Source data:
#####
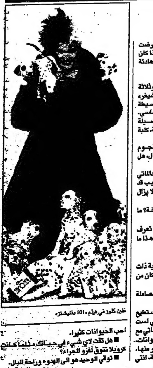
غلين كلوز في فيلم 101 دايبيشز

تقول غلين انها اعتمدت الادوار التي عرضت عليها صائفة في حياته، ولكنها لا تعرف ما اذا كان الناس يصدقون انها في الحقيقة سيدة بيت هادئة ومطبعة، ولكن، حاولوا اذا فهمتة. هل هناك حيوانات منزلية ابية؟ ثلاثة كلاب وفطشان وست سمكات وثلاثة قران وحسان ومهر، كابي الكبير اسمه تشيغيه حصلت على شركة تصوير فيلم مسارة البيسطة الطويلة... في كانباس، فهو اذن كلب كانباسي، ثم هناك دغابي، وهي كلبه نادرة من قصصنا كوتون دي توليار وتدعى ايضا كلاب الملكة كلبه ابني اني، بيل الاسكوتلندي. هل يشبه الكلب وفطشان وست سمكات وثلاثة قران وحسان ومهر، كابي الكبير اسمه تشيغيه حصلت على شركة تصوير فيلم مسارة البيسطة الطويلة... في كانباس، فهو اذن كلب كانباسي، ثم هناك دغابي، وهي كلبه نادرة من قصصنا كوتون دي توليار وتدعى ايضا كلاب الملكة كلبه ابني اني، بيل الاسكوتلندي. هل يشبه الكلب وفطشان وست سمكات وثلاثة قران وحسان ومهر، كابي الكبير اسمه تشيغيه حصلت على شركة تصوير فيلم مسارة البيسطة الطويلة... في كانباس، فهو اذن كلب كانباسي، ثم هناك دغابي، وهي كلبه نادرة من قصصنا كوتون دي توليار وتدعى ايضا كلاب الملكة كلبه ابني اني، بيل الاسكوتلندي.
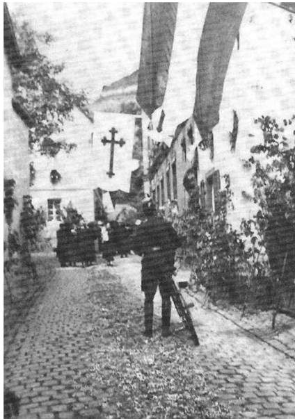
Foto 1937 Polizist mit Fahrrad hinter der Fronleichnamprozession
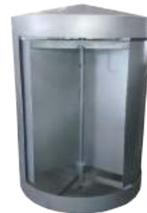
⚙️ GABINETE PARA LAVADO DE CABEZAS GIRATORIO
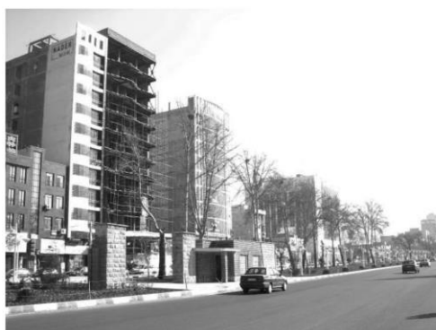
شکل ۶: نمونه‌ای دیگر از ساخت‌وسازهای بزرگ مقیاس کرج

بنابراین در بررسی منظر کلان شهر کرج، تأثیر ساخت‌وسازهای بزرگ مقیاس بر منظر کلان که عموماً در ساختار اصلی و مرکزی کرج شکل گرفته‌اند، مورد تحلیل قرار می‌گیرد. این ساخت‌وسازها اغلب به صورت بلندمرتبه و یا به صورت قطعات درشت‌دانه و با کاربری‌های عمومی (تجاری-اداری) قابل مشاهده هستند. نمونه‌ای از این ساخت‌وسازها که در محور خیابان بهشتی و در اطراف چهارراه طالقانی شکل
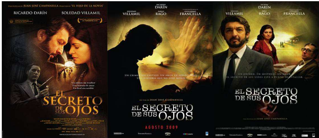
Cartazes de divulgação de El secreto de sus ojos .
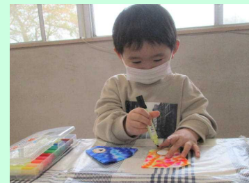
持ち方も GOOD です☆
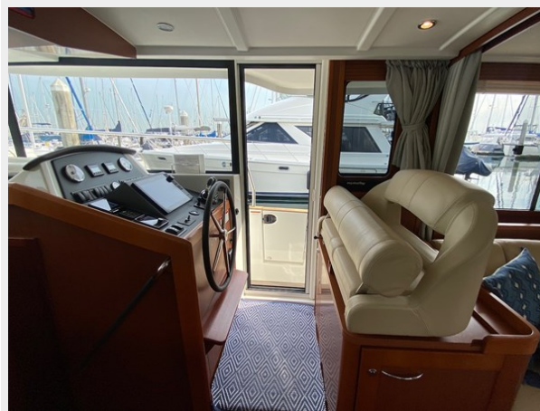
2019 ST 44 - 30
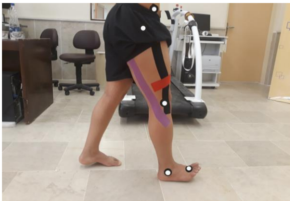
شکل ۱. محل قرارگیری مارکر و نحوه تیپینگ

متغیرهای افراد شرکت‌کننده از لحظه برخورد پاشنه تا بلند شدن انگشت شست از صفر تا صد درصد نرمالیز گردید. از نوار کنزیوتیپ ساخت کشور کره جنوبی بر روی گروه تیپینگ استفاده شد. سه نوار کنزیوتیپ ۵ سانتی متری بر روی عضلات دوسررانی (بنفش)، کشنده پهن نیام (سیاه) و عضلات چهارسررانی (قرمز) به روش اصلاح مکانیکی نواربندی شد. ابتداءً آن را در حالت ۴۵ درجه فلکشن و ۳۰ درجه آبداکشن و چرخش داخلی قرار داده سپس عضله دوسررانی را از برجستگی ورک تا سر پروگزیمال استخوان نازک‌نی تیپ شد. در انتهای حرکت زانو از حالت ۴۵ درجه فلکشن به اکستنشن کامل تغییر پیدا می‌کند و عضله‌ی کشنده پهن نیام از بخش قدامی تاج خاصره تا برجستگی خارجی استخوان درشت‌نی تیپ شد. میزان کشش نوار کنزیوتیپ در عضلات دوسررانی و کشنده پهن نیام ۶۰ درصد بود (۲۳، ۲۴).
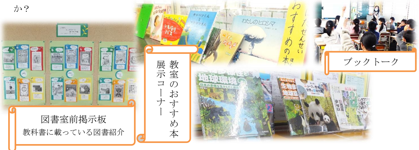
図書室前掲示板 教科書に載っている図書紹介

応募用紙に必要事項を記入のうえ、作品に添付して、職員に提出してください。(応募用紙は館内にも備え付けてあります。)
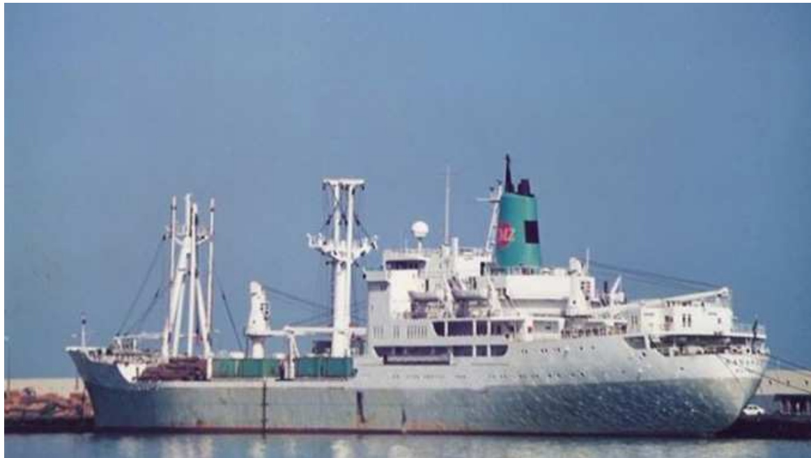
Une subvention de l'État pour soutenir les Lignes maritimes congolaises

Félix-Antoine Tshisekedi est déterminé à accroître la capacité de participation des LMC dans l'industrie maritime internationale et de contribuer ainsi efficacement au développement du commerce extérieur du pays. Les ministres du Portefeuille et des Transports
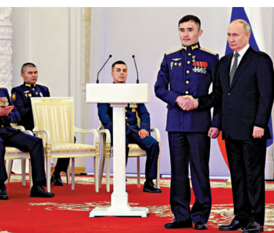
▲普京（右）8日宣布將參加明年總統大選。

普京在紀念活動上表示，成千上萬的俄羅斯人民決心與祖國同舟共濟。在與民眾會面時，他親身感受到了他們的心情，他們對團結的渴望。普京表示堅信，「我們因真
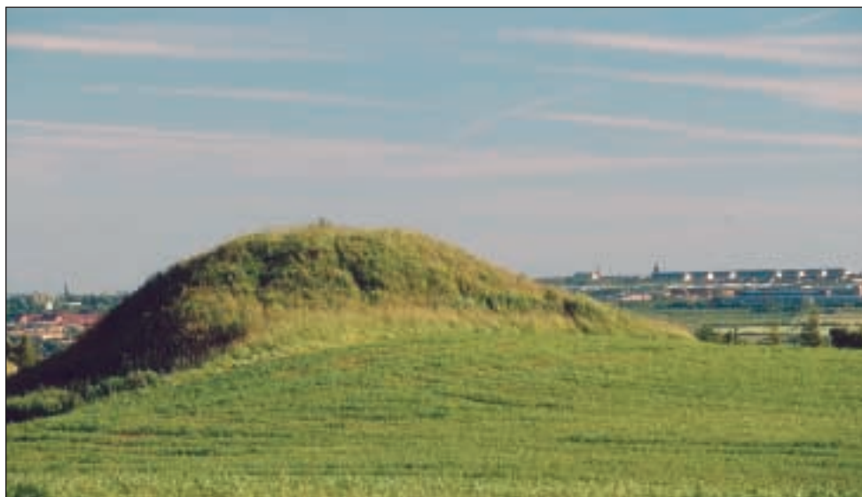
Blindemandshøj bag Elsted Præstegård
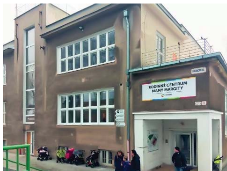
Nové viacgeneračné rodinné centrum Mamy Margity na Pavlovičovej ulici obsahuje pod jednou strechou poradne, ambulancie, materské centrum a škôlku.

Máme túžbu byť centrom, ktoré posunie dopredu aj liečbu diagnostiky neplodnosti a prinesie koncept rodinného lekára. Táto liečba už dávno presahuje horizont gynekológie. Dlhodobým cieľom nás všetkých, ktorí pracujeme v našom centre, bolo, aby sa táto problematika riešila komplex-
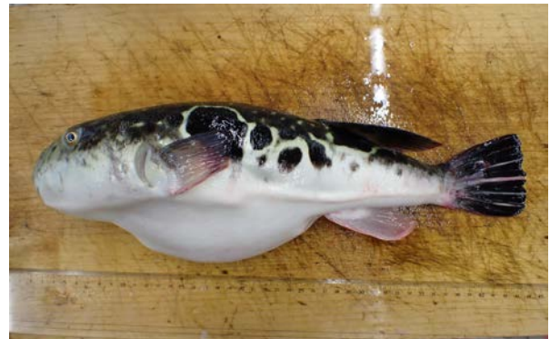
漁獲された放流トラフグ(2024年3月漁獲) (全長40センチメートル、1,392グラム、 2022年7月放流由来)
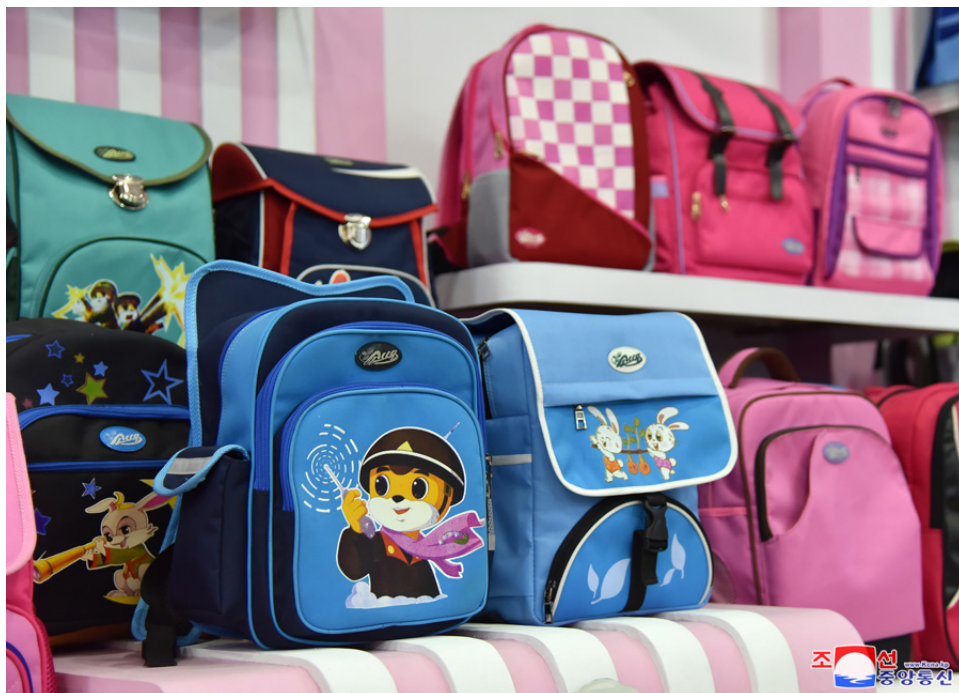
Imagem 5 – Mochilas de Esquilo e Ouriço na fábrica de malas de Pyongyang
#####
Problem
Every line from the one containing "普京在紀念活動上表示，成千上" through the end of the entries above is to be copied exactly; pictures are to be left out.

Result of this task
普京在紀念活動上表示，成千上萬的俄羅斯人民決心與祖國同舟共濟。在與民眾會面時，他親身感受到了他們的心情，他們對團結的渴望。普京表示堅信，「我們因真
Blindemandshøj bag Elsted Præstegård
Nové viacgeneračné rodinné centrum Mamy Margity na Pavlovičovej ulici obsahuje pod jednou strechou poradne, ambulancie, materské centrum a škôlku.

Máme túžbu byť centrom, ktoré posunie dopredu aj liečbu diagnostiky neplodnosti a prinesie koncept rodinného lekára. Táto liečba už dávno presahuje horizont gynekológie. Dlhodobým cieľom nás všetkých, ktorí pracujeme v našom centre, bolo, aby sa táto problematika riešila komplex-
漁獲された放流トラフグ(2024年3月漁獲) (全長40センチメートル、1,392グラム、 2022年7月放流由来)
Imagem 5 – Mochilas de Esquilo e Ouriço na fábrica de malas de Pyongyang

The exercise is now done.